Problem
What is needed is an exact repetition of the lines below, from the first one through the one holding "(умеренный отток) |", with no pictures and nothing else.

Data shown
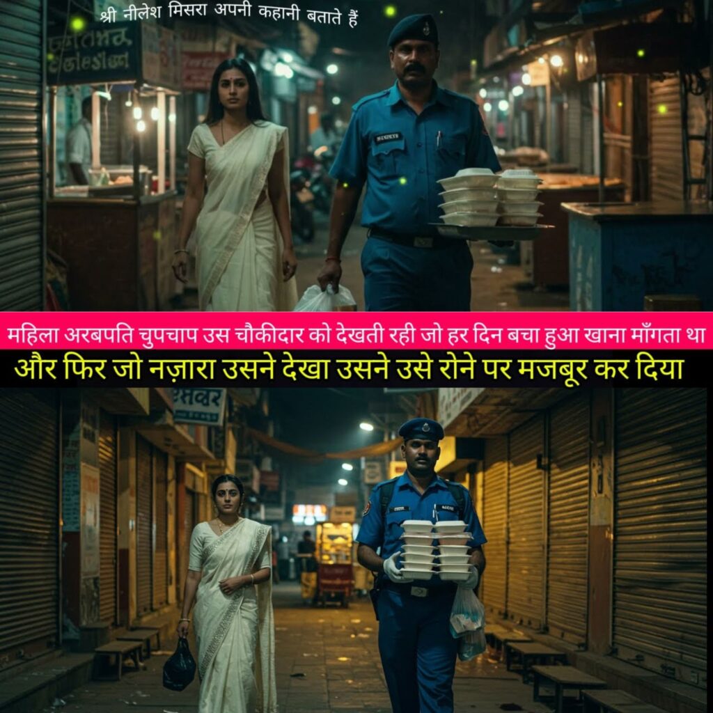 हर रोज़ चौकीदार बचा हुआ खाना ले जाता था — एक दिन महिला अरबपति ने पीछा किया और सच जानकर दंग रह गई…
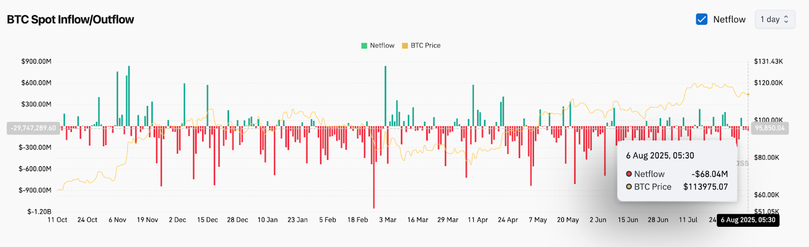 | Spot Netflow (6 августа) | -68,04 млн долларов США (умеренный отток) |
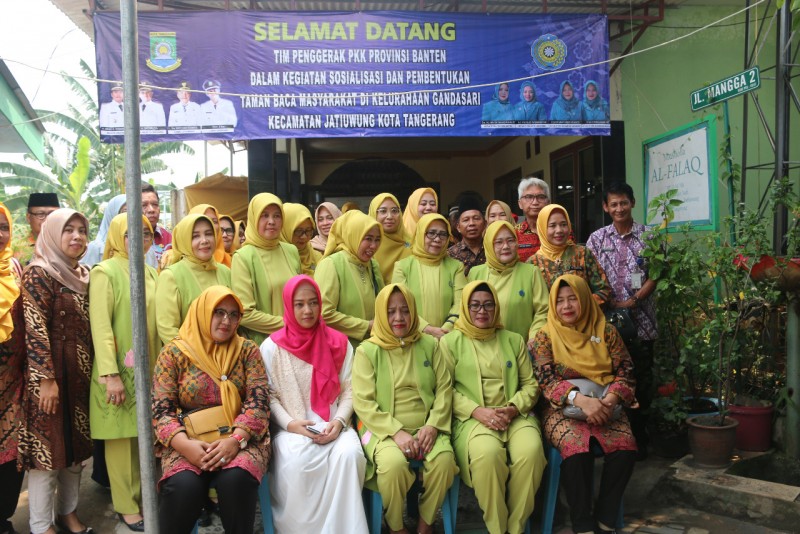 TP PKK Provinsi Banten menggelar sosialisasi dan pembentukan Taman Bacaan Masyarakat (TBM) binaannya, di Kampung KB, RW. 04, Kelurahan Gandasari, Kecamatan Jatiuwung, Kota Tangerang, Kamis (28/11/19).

Problem solution
 हर रोज़ चौकीदार बचा हुआ खाना ले जाता था — एक दिन महिला अरबपति ने पीछा किया और सच जानकर दंग रह गई…
 | Spot Netflow (6 августа) | -68,04 млн долларов США (умеренный отток) |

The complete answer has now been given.